Friday 9 November 2012

Coleridge quotes Jeremy Taylor

Well, this is just sloppy work by scholars and editors.  In a footnote to chapter 5 of the Biographia, Coleridge quotes a passage from Jeremy Taylor (1613-67), specifically from his ‘Sermon XXXVII: ‘The Mercy of the Divine Judgments; or, God’s Method in Curing Sinners’ [originally published in Twenty-five Sermons (1653)]. This is what Coleridge writes:
The reader will not be displeased with the following interesting exemplification from Bishop Jeremy Taylor. "St. Lewis the King sent Ivo Bishop of Chartres on an embassy, and he told, that he met a grave and stately matron on the way with a censer of fire in one band, and a vessel of water in the other; and observing her to have a melancholy, religious, and phantastic deportment and look, he asked her what those symbols meant, and what she meant to do with her fire and water; she answered, My purpose is with the fire to burn paradise, and with my water to quench the flames of hell, that men may serve God purely for the love of God.

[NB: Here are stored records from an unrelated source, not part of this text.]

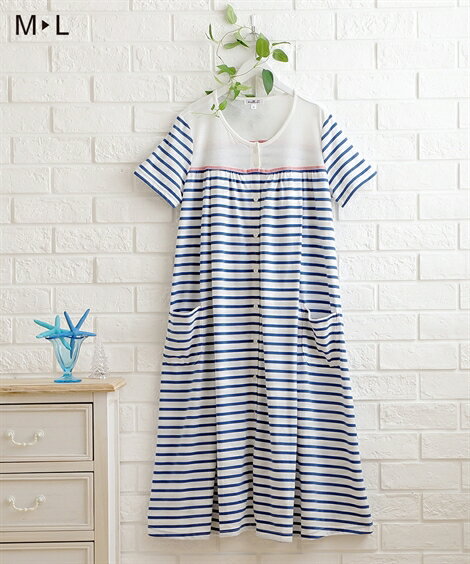 マタニティウェア・授乳服 【産前・産後 授乳服】mutti ei 前開きボーダー切替え半袖ネグリジェ ニッセン nissen
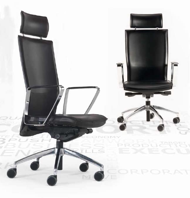 Bürostuhl mit hoher Rückenlehne. Ausgestattet mit einer komfortablen Kopfstütze. Lederpolsterung. Metallarmlehnen. Ausgestattet mit ergonomischen Anpassungen. Feste Höhe.
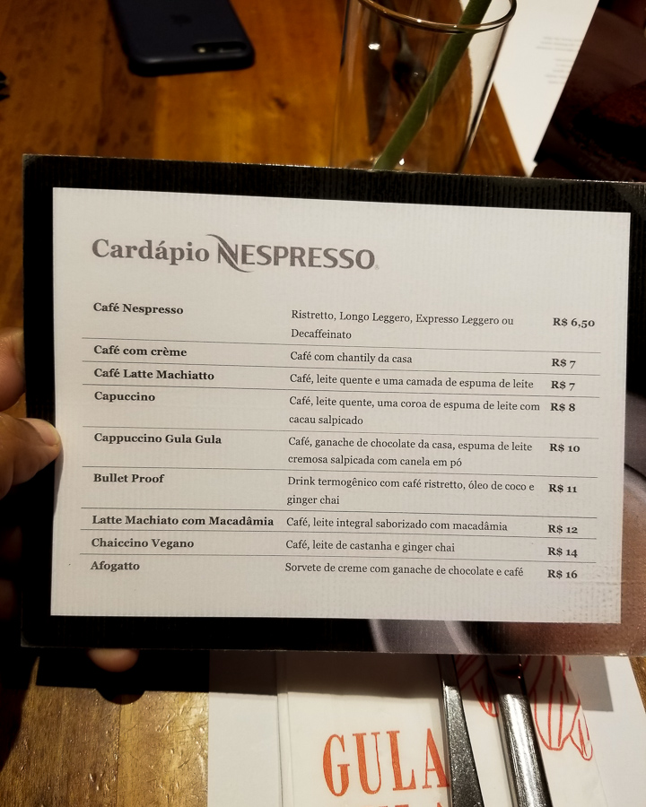 Outra novidade é carta de cafés preparados em uma máquina ultra moderna da Nespresso. Nós provamos 3 receitas e adoramos!
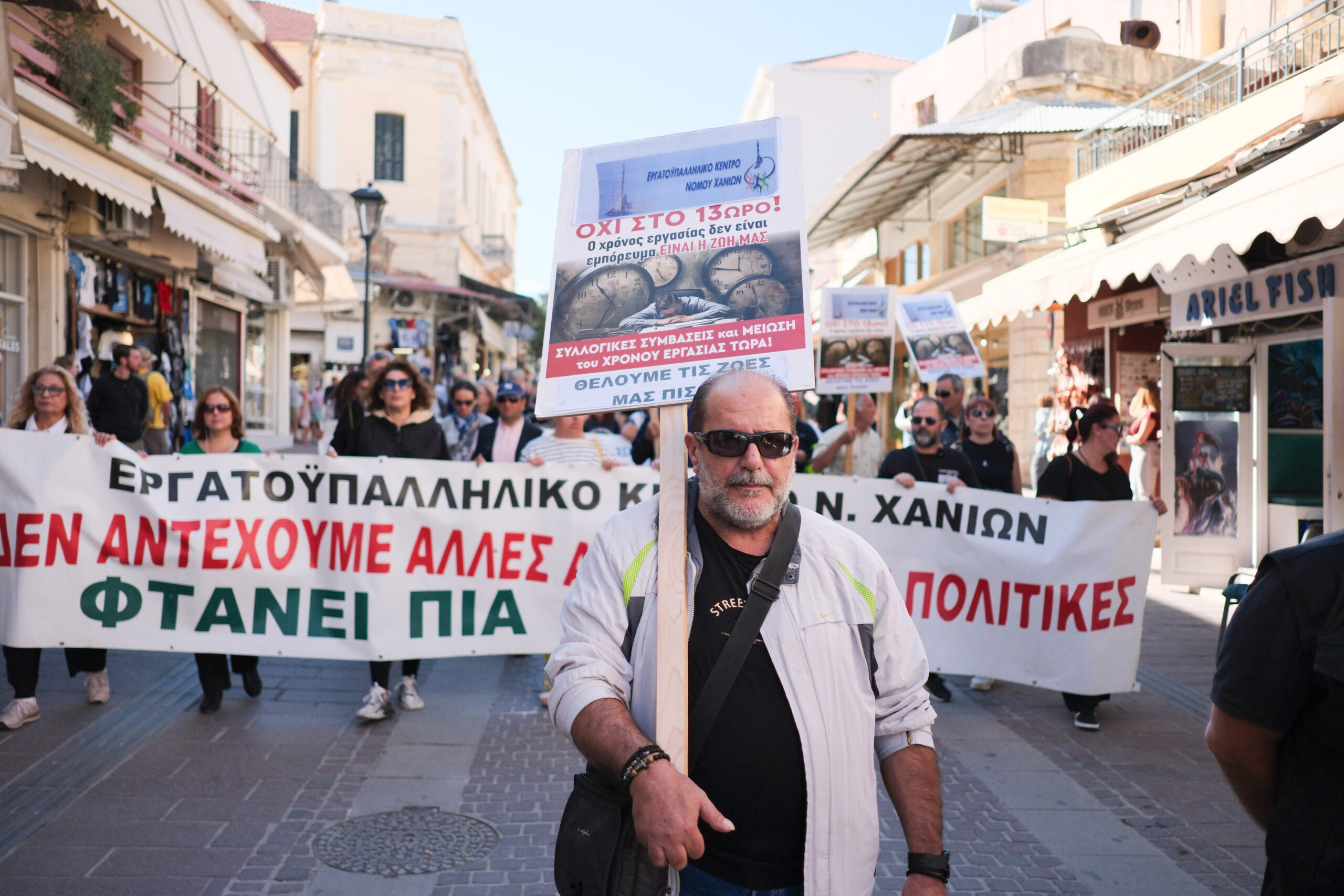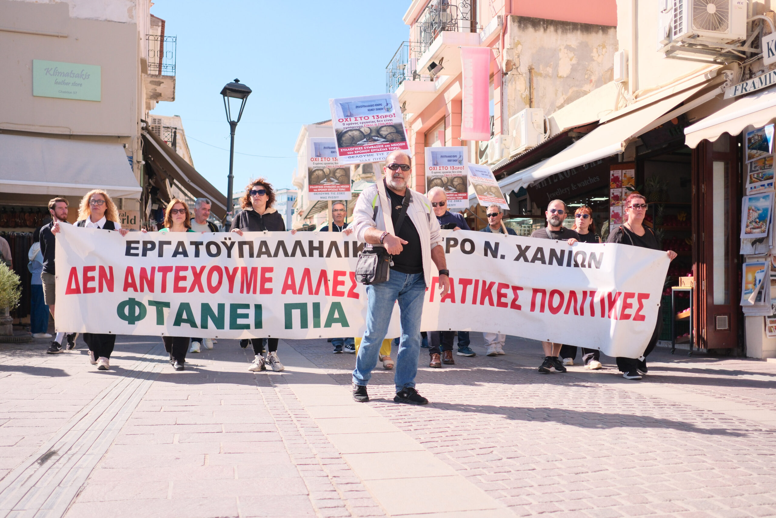 «Δεν είμαστε μηχανές»: Απεργιακό ξέσπασμα στα Χανιά ενάντια στο 13ωρο | Φωτορεπορτάζ
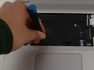 С помощью лопатки нажмите на две чёрные защёлки, которые находятся под местом, где ранее был жёсткий диск.
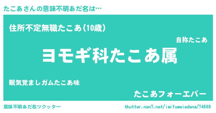 | 女子向けラノベタイトル風あだ名 | 『たこあの玉の輿計画!』 |
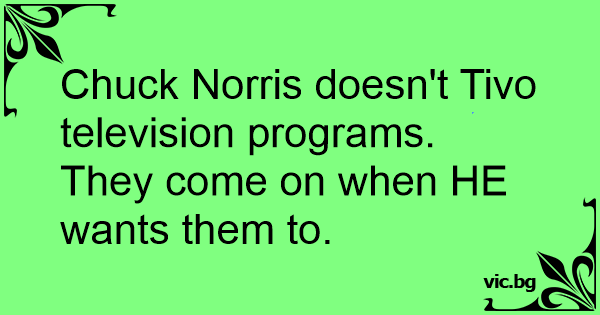 Chuck Norris doesn't Tivo television programs.They come on when HE wants them to. 27 0 0 Chuck Norris Jokes
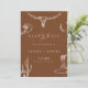 Célébrez votre amour avec cette carte "save the date" de mariage western rustique cowboy. Ce design présente des illustrations western dessinées à la main, y compris un crâne de longhorn, un cactus, des bottes de cowboy, un fer à cheval et un chapeau sur un fond chaud de terre cuite. Parfait pour les couples qui prévoient un mariage de style country, ranch ou western.
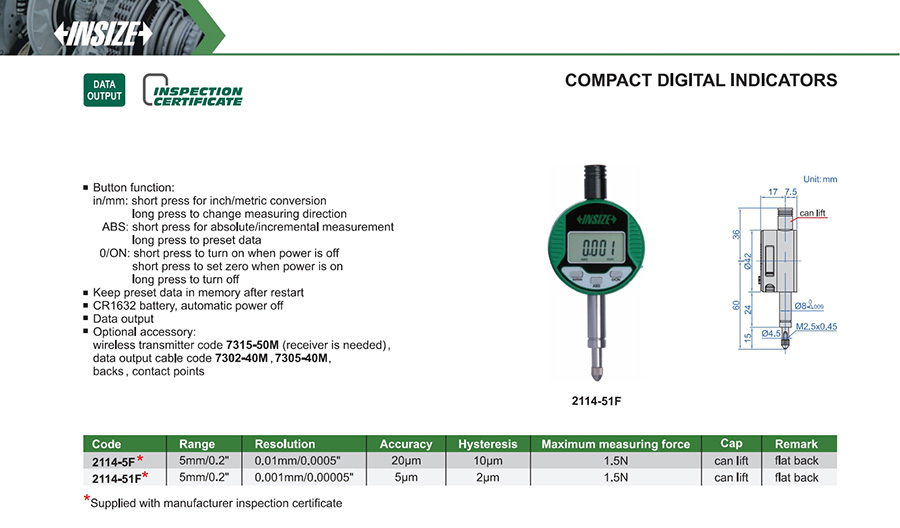 2114-51F 5mm/0.2" 5µm 0.001mm/0.00005"
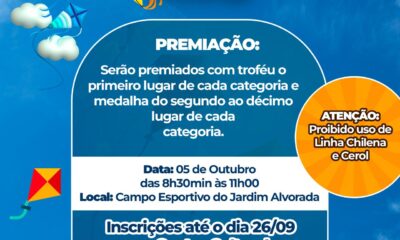Estão abertas as inscrições para o Festival de Pipas “Brincando com o Vento”, uma realização da secretaria municipal de Cultura, Esportes e Turismo, através do Conselho...

But we rarely meet with such spirits which love virtue so metaphysically as to abstract her from all sensible compositions, and love the purity of the idea."

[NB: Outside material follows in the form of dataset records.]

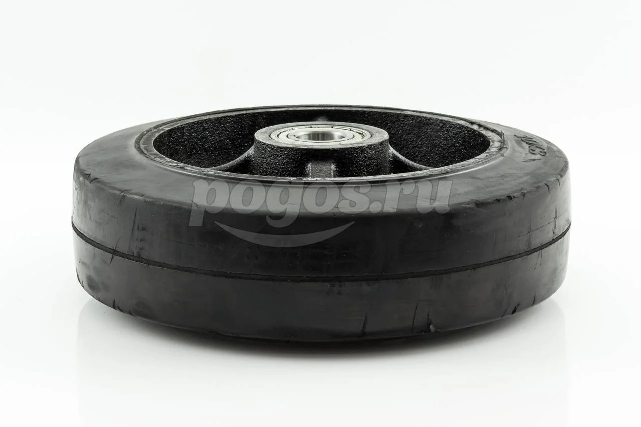 Шинка изготовлена из черной резины, обод из чугуна, для смазки подшипника имеется ниппель.
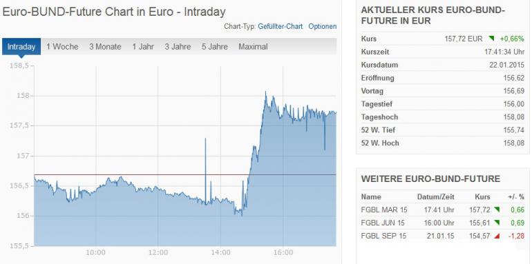 Heute haben wir mit dem Ende der Kopplung des Schweizer Franken an den Euro und damit einhergehend mit der Absenkung des Zinssatzes der Schweizer Nationalbank ( SNB ) auf -0,75 % eine fundamental neue Situation. Der Bundfuture erreichte mit 157,69 ein neues ATH ! Die schon zuletzt mickrigen Zinsen in Euroland geben weiter nach !
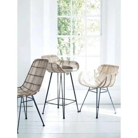 Chaise haute de bar en rotin, un matériau naturel, solide, léger, résistant et imputrescible. Piétement stable en métal noir.
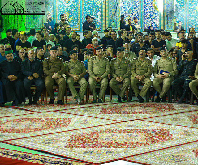 وأضاف: أن من عزم سيد الثائرين وقبلة المجاهدين استُمدّت فتوى الدفاع الكفائي لتكون المرجعية الدينية العُليا على خطى الحسين في نصرة الدين والدفاع عن الإسلام المحمدي الأصيل فثورته "عليه السلام" كانت في سبيل الله، وفتوى المرجعية الرشيدة كانت من أجل بقاء كلمة الله هي العُليا وحفظ الدين من الزيغ والانحراف .. نعم تكرر المشهد وتغير الأشخاص فسقط الشهداء يوم الطف لتزفهم الملائكة إلى جنات الخلد، وفي زماننا هذا أيضاً ما زالت مواكب الشهداء يُزَفون إلى جنات الفردوس العاليات مع الحسين .. كان أبوه أمير المؤمنين فالحسين أمير الشهداء يقودهم إلى مقعد صدق عند مليك مقتدر، كلما شاهدنا طفلة يتيمة تجلت أمامنا رقية وانكسارها .. وكلما مر علينا طفل يتيم استذكرنا يتامى الحسين وآل عقيل والنساء الثكالى من بني هاشم، فتصرفنا إزاء يتامى الحشد الشعبي والقوات الأمنية يجب أن يكون بمستوى تصرفنا أزاء يتامى وسبايا عاشوراء من التقديس والاحترام والدفاع عنهم .. فتحية محمدية علوية حسينية لحشدنا الشعبي وشهدائهم، وأيتامهم .. نقف أمام تضحياتهم بإجلال وإكبار لأنهم كانوا كأصحاب الحسين ليس للدنيا حساب ومنزلة عندهم وان طريقهم ينتهي بالشهادة لا بمنصب وجائزة .. أبناء الحشد تركوا الدينا وزبرجها وزخرفها للدفاع عن المقدسات همهم الأول والأخير أن يقفوا في ذلك الطابور الطويل في قافلة سيد الشهداء الإمام الحسين "عليه السلام").
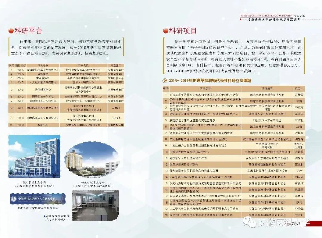 学院依托安徽省护理学国际联合研究中心、肿瘤护理与健康促进实验室、临床护理技术的创新研究等三个科研平台,整合国内外合作院校、附属医院和教学医院的优质资源,提升研究领域的持续创新能力。近五年,学院获批国家自然科学基金4项,教育部、省科技厅、教育厅等省部级以上项目54项;在国内外医学类期刊上以第一作者或通讯作者发表论文共计579篇,其中SCI论文46篇,中文核心期刊256篇。
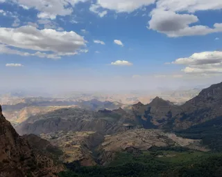 The Simien Mountains National Park was officially established in 1966 with the objective of preserving its unique Afro-alpine ecosystems and high number of endemic species of birds and wildlife that include the Ethiopian wolf, gelada baboon and walia ibex. Dubbed as the "Roof of Africa," Ethiopia has the highest elevated portion of landmass on the continent. The Simien Mountains are part of this landmass with unparalleled scenery. It was declared as a World Heritage site by UNESO in 1978. The region includes many summits above 4,000 mts and culminates in the highest point in Ethiopia and fourth highest peak in Africa, Mount Ras Dashen (4543 masl.) Its dramatic topography is the result of the erosion of basalt lavas that have been calculated to be nearly 3,000 mts thick. It is an ideal place for nature lovers and trekkers. The rainy season runs from June to September so travelling can be difficult during this period. November and December are the coldest months when the temperature is likely to go below freezing. Quote taken from Rosita Forbes, 1925 "From Red Sea to Blue Nile - A thousand Miles of Ethiopia." "The most marvelous of all Abyssinian landscapes opened before us, as we looked across a gorge that was clouded amethyst to the peaks of Simien. A Thousand, Thousand years ago, when the old god reigned in Ethiopia, they must have played chess with those stupendous crags, for we saw bishops' miters cut in lapis lazuli, castles with the ruby of approaching sunset on their turrets, an emerald knight where the forest crept up on to the rock and, far away, a king, crowned with sapphire and guarded by a row of pawns."

Here's what Nigel Leask says:
Adapted from Jeremy Taylor's Sermons Preached at Golden Grove, XII (1688), but the last sentence seems to be Coleridge's own. [379]
Let's not blame Leask; all he's doing is copying the information from Engell and Bates's standard Princeton Univ. Press's edition. But this is all wrong.  Some of it is wrong in a silly way (quoting from a sermon supposedly delivered more than twenty years after Taylor died).  Some of it is wrong in a slapdash way. The ‘But we rarely meet with such spirits … love the purity of the idea’ sentence is assumed to be Coleridge's own composition, since it doesn't follow the '...love of God' sentence in Taylor's original.  That Coleridge made this bit of his quotation up is a notion I've seen repeated blithely in secondary criticism. But it's not Coleridge's sentence, it's Taylor's. I'm now going to quote the original passage. See if you can spot the rogue sentence. Pay attention, now:
But we rarely meet with such spirits which love virtue so metaphysically as to abstract her from all sensible and delicious compositions, and love the purity of the idea. St. Lewis the king sent Ivo bishop of Chartres, on an embassy, the bishop met a woman on the way, grave, sad, fantastic and melancholic, with fire in one band, and water in the other. He asked her what those symbols meant. She answered, My purpose is with the fire to burn paradise, and with my water to quench the flames of hell, that men may serve God without the incentives of hope and fear, and purely for the love of God.
That's right! It's at the beginning of the passage! The fact that Coleridge has reordered the order of these sentences has completely bamboozled Coleridge scholarship!  This does not reflect glory upon Coleridge scholarship.

More interesting, I think, is just how flowery Coleridge, via misty remembrance or deliberate craft, renders Taylor's plainer prose in quotation.  It's a means, formerly, of embodying his point about the sensible and the delicious.